Here’s a tidbit of info that will hopefully help some people out. It took me a couple stabs at Google keyword combinations to find the answer. Basically the problem was that we’re taking user input in an HTML page which can include Unicode characters and need to pass that on the query string to an ASP.NET handler for processing. What was happening is that when the data was got to ASP.NET the Unicode characters seemed to have been stripped out.
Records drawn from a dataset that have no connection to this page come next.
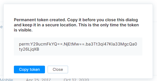 Note that once you close this window, the actual token is no longer available. Make sure you save this value somewhere.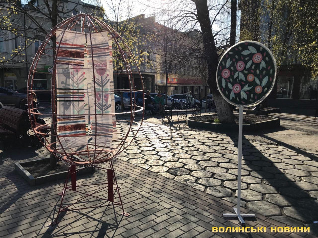 Металеві конструкції з оригінальними орнаментами, писанками та пташечками розмістили уздовж усієї пішохідної частини.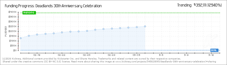 Yeehaw! Thanks to YOU we've been able to take Deadlands from its glorious past to its exciting future! It's been a long and winding road but it sure seems to have gone by fast. We've had three real editions, a couple of different printings, and a... (Read More)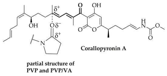 Chemical structures of the natural antibiotic corallopyronin A (CorA) (A), and the polymers povidone (PVP) (B) and copovidone (PVP/VA) (C).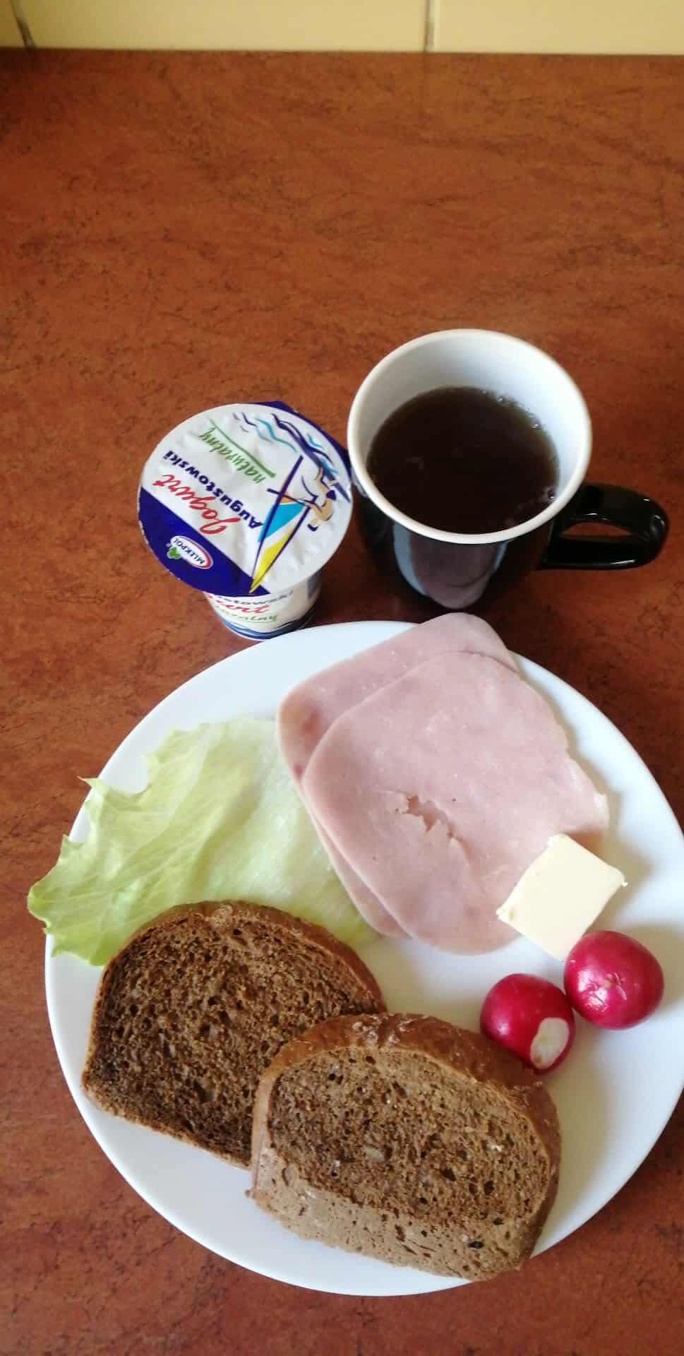 GRAMATURA: Chleb razowy 100g (MLEKO, PSZENICA, ŻYTO, JĘCZMIEŃ), Masło 15g (ŚMIETANKA), Szynka piastowska 50g , Rzodkiewka 50g , Sałata masłowa 5g , Kawa zbożowa. 250g (MLEKO, ŻYTO, JĘCZMIEŃ), II Śniadanie: Jogurt naturalny 1szt (MLEKO)

Now, being a very Unicode concious person I’m wondering why the heck this could possibly happen considering I’ve got my <globalization requestEncoding=”utf-8″ responseEncoding=”utf-8″> in the web.config. It dawned on me relatively quickly that these only control HTTP content, not the URL encoding which is entirely handled by the browser. Therefore the problem had to be that the client wasn’t encoding the URL properly. Next we found the client script that was building the URL, but it was using the escape function to properly encode any invalid characters (or so we thought, read on…). Next, I checked the URL being sent to the server using IEHttpHeaders and the character was encoded as %E9 (é was the unicode character in question btw). Well %E9 is the ISO-Latin encoding. The Unicode encoding is supposed to be %u00E9. The problem is that the escape function is locked into a basic functionality which doesn’t truly leverage proper Unicode encoding (see appendix B of the EMCAScript specification). A new set of URI encoding/decoding functions were introduced with ECMAScript which handle Unicode. The one that takes escape’s place is called encodeURIComponent. Needless to say we quickly did a replace in all files on our ECMAScript codebase to eradicate the undesireable encoding behavior of the legacy escape function.
- Related Content by Tag
- .NET
- Web Development
It took you some keyword combinations to get the answer, but I just typed “unicode characters querystring” and got sent right to your site. Thanks a lot. This was starting to tick me.